O ministro da Habitação e Construção, Yitzhak Goldknopf, é um fundamentalista religioso que liderou uma campanha para impedir a companhia aérea israelense El Al de voar aos sábados. O ministro das Finanças, Bezalel Smotrich, é um supremacista que se opõe ao direito dos cidadãos árabes adquirirem casas. O ministro da Segurança Nacional, Itamar Ben-Gvir, é um extremista que mantém na sua sala de visitas um retrato do terrorista Baruch Goldstein, condenado pelo atentado que matou 29 muçulmanos palestinos e feriu outros 125 numa mesquita de Hebron, em 1994.

Pátio interno da Suprema Corte de Israel, em Jerusalém

A ofensiva contra a Suprema Corte deriva de uma confluência de interesses. Netanyahu almeja interromper os processos judiciais sobre corrupção que o cercam há anos. Os fundamentalistas religiosos pretendem alargar as exceções legais que privilegiam judeus ultraortodoxos. Os supremacistas judaicos querem expandir os assentamentos nos territórios ocupados, anexar partes da Cisjordânia ocupada e, no limite, revogar a cidadania dos árabe-israelenses.

O último item evidencia mais uma singularidade de Israel. O país abrange uma significativa minoria nacional formada por palestinos, descendentes da população árabe que habitava o território enquadrado nas fronteiras do Estado judeu em 1949. A minoria árabe palestina somava 1,84 milhão de pessoas, segundo o censo de 2017, ou algo perto de 21% da população total. Essa população tem cidadania israelense e, ao menos em tese, direitos iguais aos judeus israelenses.

A Suprema Corte é a única instância capaz de assegurar os direitos legais da minoria de cidadãos árabes.
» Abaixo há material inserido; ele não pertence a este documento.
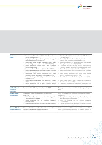 PenghargaanAwards%u2022 Penghargaan Satya Karya Bhakti Maha Guru Yayasan Prof. Dr. Moestopo (2023)%u2022 Penghargaan Kemenpora RI sebagai Tokoh Penggerak Kewirausahaan Pemuda Nasional (2022)%u2022 Penghargaan Satya Lencana Kepedulian Sosial, Badan Koordinasi Kegiatan Kesejahteraan Sosial (BKKKS) (2019)%u2022 Dosen Berprestasi Bidang Sosial dan Humaniora Kemenristekdikti (2018)%u2022 Penghargaan Bintang Tanda Jasa Kebaktian Sosial (2016)%u2022 Penghargaan sebagai Dosen Berprestasi, Yayasan Universitas Prof Dr. Moestopo (2015)%u2022 Penghargaan Satya Lencana Pengabdian Sosial, Badan Koordinasi Kegiatan Kesejahteraan Sosial (BKKKS) (2014)%u2022 Bintang Penghargaan Kelas II, Yayasan Universitas Prof Dr. Moestopo (2014)%u2022 Penghargaan Walikota Jakarta Timur sebagai LMK Teladan (2011)%u2022 Bintang Penghargaan Kelas III, Yayasan Universitas Prof Dr. Moestopo (2008)%u2022 Satya Karya Bhakti Maha Guru Award from Prof. Dr. Moestopo Foundation (2023)%u2022 Award of the Minister of Sports of the Republic of Indonesai as National Youth Entrepreneurship Promoter (2022)%u2022 Satya Lencana Award for Social Awareness, Social Welfare Activity Coordination Body (BKKKS) (2019)%u2022 Outstanding Lecturer in the Field of Social and Humaniora, Ministry of Research, Technology and Higher Education (2018)%u2022 Bintang Tanda Jasa Kebaktian Sosial Award (2016)%u2022 Award as Outstanding Lecturer, Universitas Prof Dr. Moestopo Foundation (2015)%u2022 Satya Lencana Pengabdian Sosial Award, Social Welfare Activity Coordination Body (BKKKS) (2014)%u2022 Class II Star, Universitas Prof Dr. Moestopo Foundation (2014)%u2022 Award of East Jakarta Mayor as Exemplary LMK (Subdistrict Consultation Institution) (2011)%u2022 Class III Star, Universitas Prof Dr. Moestopo Foundation (2008)Sertifikasi ProfesiProfessional CertificationBelum memiliki sertifikasi profesi selama tahun 2023. Did not possess professional certification throughout the year 2023.Rangkap JabatanRangkap JabatanDi dalam PHE: Anggota Komite Investasi (2023-sekarang)Di luar PHE:%u2022 Wakil Menteri Desa, Pembangunan Daerah tertinggal dan Transmigrasi (2023-sekarang)%u2022 Rektor Universitas Prof. Dr. Moestopo (Beragama) (2022-sekarang)%u2022 Dosen Pendidikan Pancasila - FISIP UPDM (B) (1999 %u2013 sekarang)Within PHE:Member of the Investment Committee (year-present)Outside PHE:%u2022 Deputy Minister of Village, Disadvantaged Region Development, and Transmigration (2023-present)%u2022 Rector of Universitas Prof. Dr. Moestopo (Beragama) (2022-present)%u2022 Lecturer of Pancasila (State Philosophy) Education %u2013 Social and Political Sciences UPDM (B) (1999 %u2013 present)Hubungan AfiliasiAffiliated RelationshipsTidak memiliki hubungan afiliasi dengan/atau anggota Dewan Komisaris, anggota Direksi, atau pemegang saham.He does not have any affiliation relation with/or members of the Board of Commissioners, members of the Board of Directors, or shareholders.PT Pertamina Hulu Energi %u2022 Annual Report 113

A reforma do governo Netanyahu destina-se, no fim das contas, a destruir o escudo que protege tais direitos. Na direita dura de Israel, não faltam vozes que clamam pela cassação da cidadania dos árabes israelenses. Se concluir seu serviço, o governo abrirá as portas para uma regressão brutal: o surgimento, sobre as cinzas da democracia, de um Estado judaico teocrático. É contra isso que a sociedade israelense se mobiliza.